France And Canada Collide Over Sea Bed Dispute

On Wednesday, France announced that is was claiming the North Atlantic seabed surrounding the islands of Saint-Pierre and Miquelon, and is requesting that Canada cooperate in finding a resolution to the dispute.

A special UN commission was presented a preliminary request to extend French waters up to 350 nautical miles off the coast of the French archipelago on Friday, said the French foreign ministry.

"Our objective is to reach with Canada, which was given advance notice of our demarche, a mutually-advantageous approach to managing our shared interests in this zone," said Frederic Desagneaux, spokesman for the foreign ministry.

"We would like to have a constructive dialogue with Canada to promote the economic integration of Saint-Pierre and Miquelon in the regional environment."

"French-Canadian cooperation is obviously fundamental.

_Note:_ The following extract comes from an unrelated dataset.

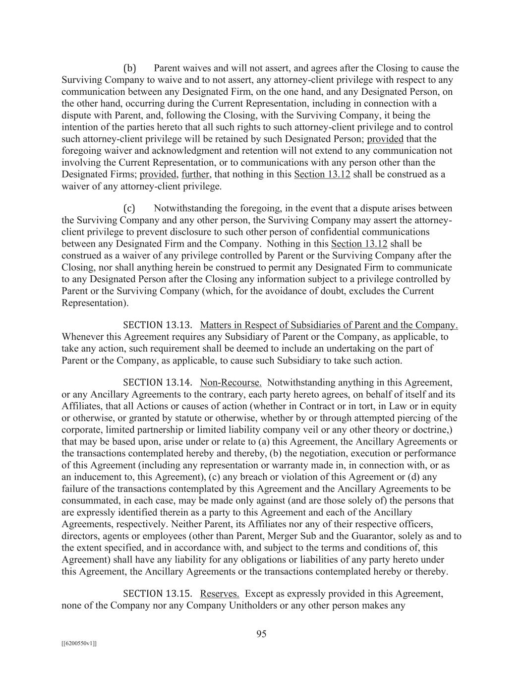95 [[6200550v1]] Parent waives and will not assert, and agrees after the Closing to cause the Surviving Company to waive and to not assert, any attorney-client privilege with respect to any communication between any Designated Firm, on the one hand, and any Designated Person, on the other hand, occurring during the Current Representation, including in connection with a dispute with Parent, and, following the Closing, with the Surviving Company, it being the intention of the parties hereto that all such rights to such attorney-client privilege and to control such attorney-client privilege will be retained by such Designated Person; provided that the foregoing waiver and acknowledgment and retention will not extend to any communication not involving the Current Representation, or to communications with any person other than the Designated Firms; provided, further, that nothing in this Section 13.12 shall be construed as a waiver of any attorney-client privilege. Notwithstanding the foregoing, in the event that a dispute arises between the Surviving Company and any other person, the Surviving Company may assert the attorney- client privilege to prevent disclosure to such other person of confidential communications between any Designated Firm and the Company. Nothing in this Section 13.12 shall be construed as a waiver of any privilege controlled by Parent or the Surviving Company after the Closing, nor shall anything herein be construed to permit any Designated Firm to communicate to any Designated Person after the Closing any information subject to a privilege controlled by Parent or the Surviving Company (which, for the avoidance of doubt, excludes the Current Representation). Matters in Respect of Subsidiaries of Parent and the Company. Whenever this Agreement requires any Subsidiary of Parent or the Company, as applicable, to take any action, such requirement shall be deemed to include an undertaking on the part of Parent or the Company, as applicable, to cause such Subsidiary to take such action. Non-Recourse. Notwithstanding anything in this Agreement, or any Ancillary Agreements to the contrary, each party hereto agrees, on behalf of itself and its Affiliates, that all Actions or causes of action (whether in Contract or in tort, in Law or in equity or otherwise, or granted by statute or otherwise, whether by or through attempted piercing of the corporate, limited partnership or limited liability company veil or any other theory or doctrine,) that may be based upon, arise under or relate to (a) this Agreement, the Ancillary Agreements or the transactions contemplated hereby and thereby, (b) the negotiation, execution or performance of this Agreement (including any representation or warranty made in, in connection with, or as an inducement to, this Agreement), (c) any breach or violation of this Agreement or (d) any failure of the transactions contemplated by this Agreement and the Ancillary Agreements to be consummated, in each case, may be made only against (and are those solely of) the persons that are expressly identified therein as a party to this Agreement and each of the Ancillary Agreements, respectively. Neither Parent, its Affiliates nor any of their respective officers, directors, agents or employees (other than Parent, Merger Sub and the Guarantor, solely as and to the extent specified, and in accordance with, and subject to the terms and conditions of, this Agreement) shall have any liability for any obligations or liabilities of any party hereto under this Agreement, the Ancillary Agreements or the transactions contemplated hereby or thereby. Reserves. Except as expressly provided in this Agreement, none of the Company nor any Company Unitholders or any other person makes any

Whether it be on the issue of fisheries, maritime and air transport, oil exploration, we must find solutions together," he added.

The French government is under pressure from struggling islanders to stake claim to the seabed because the waters south of Canada's Newfoundland province are believed to hold vast amounts of oil.

On April 2, Foreign Minister Bernard Kouchner spoke with Canadian Prime Minister Lawrence Cannon during a meeting in Paris after the Canadian government made it clear that they would fight the decision.

According to Canada, the dispute was settled in 1992 by the international arbitration court.

"Canada does not recognize France's claim to any area of the continental shelf in the northwest Atlantic Ocean beyond the area set out in the arbitration decision, and Canada has made France aware of its position on several occasions, and again recently," said Cannon.

In 1992, the arbitration court gave France an economic zone near the two islands.

"Canada will take all necessary measures to defend and protect its rights with respect to its continental shelf," added Cannon.

France has presented its claim to the UN Commission on the Limits of the Continental Shelf, which sets the boundaries of international territorial waters beyond 200 nautical miles.

Saint-Pierre and Miquelon, which are populated with nearly 6,000 French descendants, were given to France in the 1763 Treaty of Paris.  Canadian waters completely surround the territories.

Local residents are frustrated that they are unable to participant in the offshore oil boom that is benefiting Newfoundland.

In the 1990's, the cod fishery collapse caused economic shockwaves in the French controlled territories that are still being felt today.

The French request given to the UN is also requesting the expansion of sea bed boundaries around French Polynesia and the territory of Wallis and Futuna in the South Pacific.